Project-Based Learning Philosophy
At Plaksha University Mohali, project-based learning is the cornerstone of our academic approach. Students engage in both mini-projects and a final-year thesis that reflect their interests and career aspirations. The program emphasizes hands-on experimentation, collaboration, and innovation.
Mini-projects are introduced in the second year and require students to work in teams on real-world problems assigned by faculty or industry partners.

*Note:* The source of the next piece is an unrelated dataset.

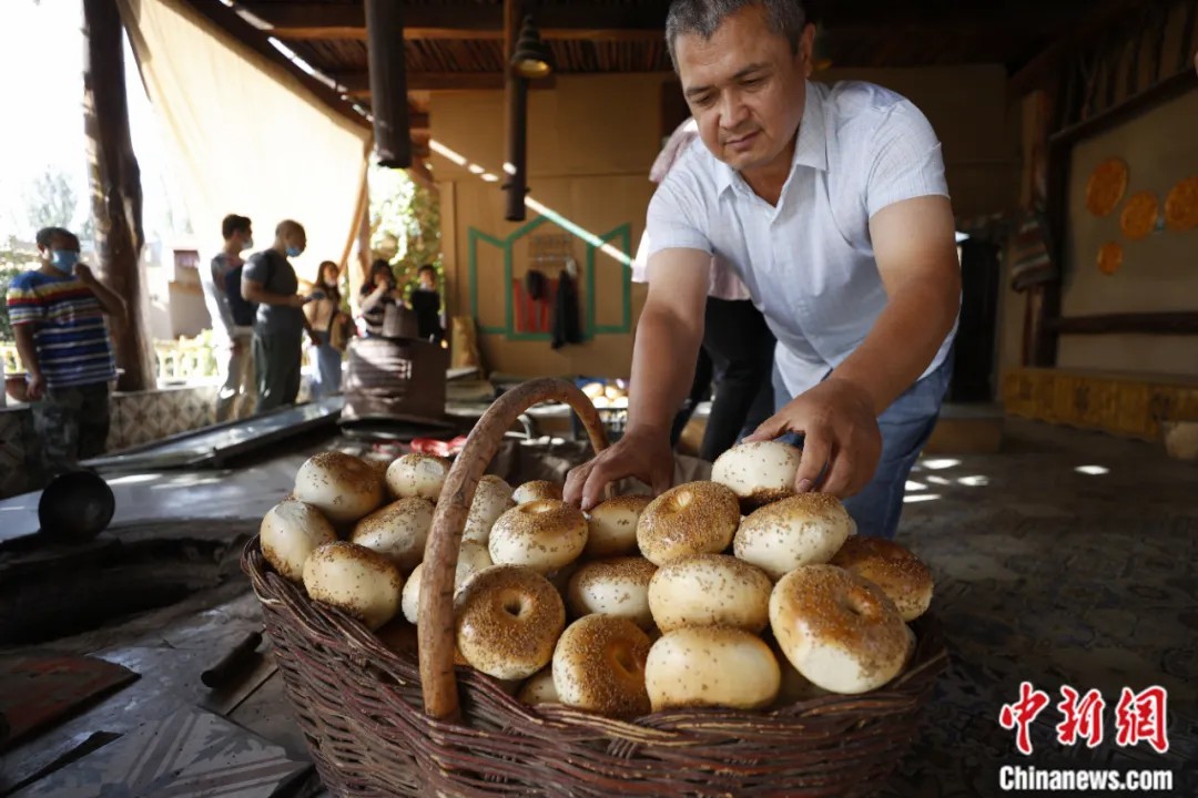 2021年9月25日,新疆維吾爾自治區(qū)克孜勒蘇柯爾克孜自治州阿圖什市阿孜汗村馕合作社。近年來,新疆大力發(fā)展馕產(chǎn)業(yè),并逐漸成為富民增收的“名片產(chǎn)業(yè)”。中新社記者 富田 攝

These projects are evaluated based on technical execution, teamwork, and presentation skills.
The final-year capstone project is a significant component of the program, where students select an area of interest and work under the guidance of a faculty mentor. Projects may lead to publications, patents, or startup ventures, offering students tangible outcomes that enhance their professional profiles.